In the post below, "Gun-Polluted" America?, I quoted a lawyer by the name of Kimberly Croyle who stated that there were an average of "20 workplace murders per week" in America, and I wondered where she got her statistic.
Now I know, and unsurprisingly her data is way out of date.
An Associated Press piece recently released (and little commented upon) informs us that:
Working got safer last year, according to the government's annual tally of workplace deaths, released Wednesday.Note that. AT THE PEAK in 1994 (a bad year for homicide in total) the rate was just over "twenty per week." It's declined every year since to reported current rate of 11.7, a decline of almost half. But what statistic does Ms. Croyle use? The worst one she can find.

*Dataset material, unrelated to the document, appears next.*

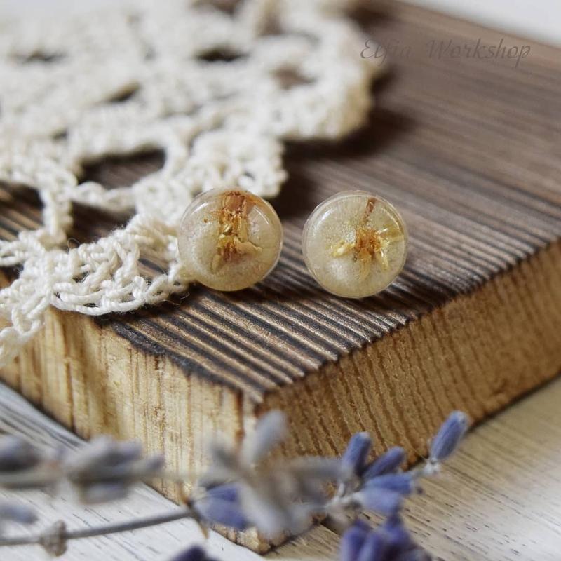 Сережки гвоздики с сухоцветами Размер 1 см #epoxy

Nationally, 5,524 workers died on the job in 2002 — a significant decrease from the 5,915 who died in 2001, a number that did not include those killed in the Sept. 11 terrorist attacks.
"It's the largest year-to-year decline we've ever seen," said Scott Richardson, program manager of the Bureau of Labor Statistics' Census of Fatal Occupational Injuries. The bureau began publishing the data in 1992.
The decline extended a downward trend since 1997, when 6,238 workers died. Workplace homicides also declined, down to 609 last year from a 1994 peak of 1,080.
I have repeatedly said that the actual numbers are bad enough, why must gun control proponents inflate them?
Here's the Bureau of Labor Statistics graph of workplace homicides for 1992 through 2001. Note that during this entire period, the number of guns in private hands has been increasing at a rate of well over three million per year (33,367,000 from 1994 through 2000 according to the Violence Policy Center, 11,094,000 of which were handguns - and that's just domestic production, not including imports) and the number of states with "shall-issue" concealed-carry laws has increased with a corresponding increase in permitted persons.
No, I am not implying causality, I'm impugning it. More Guns do NOT EQUAL More Crime.
Note also that there have been no noticeable changes in national firearms law during this time period with the exception of the 1994 Assault Weapons Ban that (according to which gun control group you listen to, and what day it is) either was circumvented by the manufacturers because of NRA engineered loopholes and was useless (thus needing to be "strengthened") or was effective, but still needs to be "strengthened" because it didn't do enough. I haven't found any data indicating the relative percentages of workplace victims of "assault weapons" versus your average, say, Walther PP which was used in the recent Chicago auto parts warehouse murders.